Not anymore. Social, mobile, and digital have changed the game. It’s time for marketing to change as well.
That was the message Pam Didner brought with her to the 2015 DigitalNow Conference. The content marketing strategist’s message could have been boiled down to these few, brief bits of wisdom:
Your clients don’t want to spend all day on your website driving up your page views. They want you to solve their problems now, so they can get on with their lives.
“Consumers are spoiled,” she said. “Expectations of immediate, terrific service have a huge impact on marketers.”
How big? According to Didner, the entire concept of marketing has changed. Our goal now is to solve problems and reduce friction for our clients.
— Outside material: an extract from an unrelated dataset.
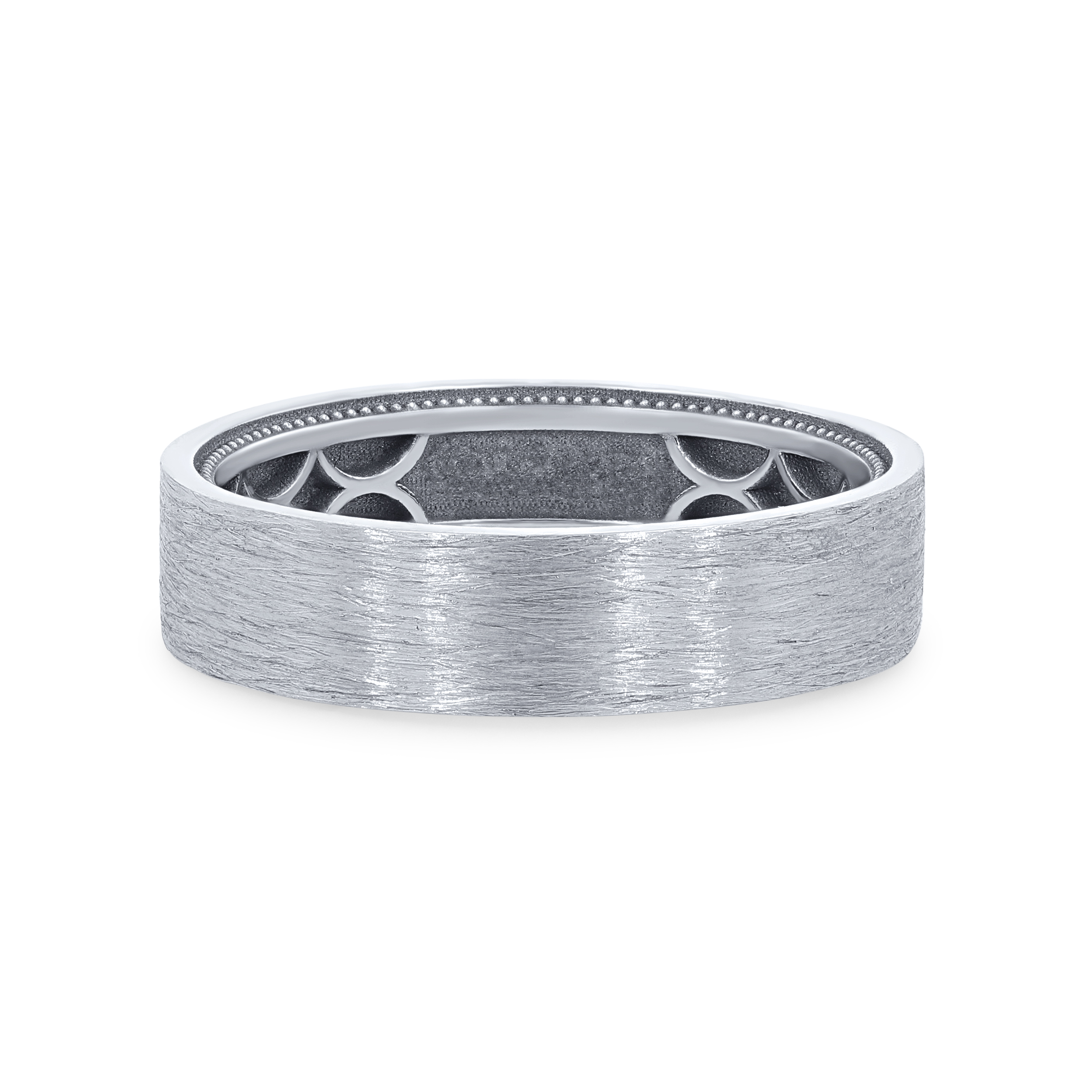 Product Description A sleek and modern design, this wedding band by Tacori features a matte finish and measures 5.5 millimeters wide. Hidden on the profile are 0.01 carats of round brilliant cut diamonds. Other Details Metal Color: Rose Gold Millimeter Width: 5.5 mm Gents Wedding Band Style: Classic Men Wedding Band Type: Men's Plain Bands Disable Reason: None Total Setting Diamond Carat Weight: 0.01TW Metal Color: Yellow Gold Metal Color: Platinum Metal Color: White Gold Type: Gents Wedding Band

“Once customers get what they want or need from you, they want to get on with their lives,” Didner said. “Make it quick and easy.”
In other words, said Didner, your clients “just aren’t that into you.” They just want to get their jobs done and move on. The faster you can make that happen, the more they’re going to like, respect, and return to you.
There’s more than a little Jay Baer in Didner’s ideas. A best-selling author and marketing strategist, Baer once told me that “the key to modern marketing is to stop trying to be amazing and start being useful.”
If that means being so useful that you spend less time with your clients? So be it.
If you can solve more problems in less time, you’ll earn more of their respect … and more of their business, too.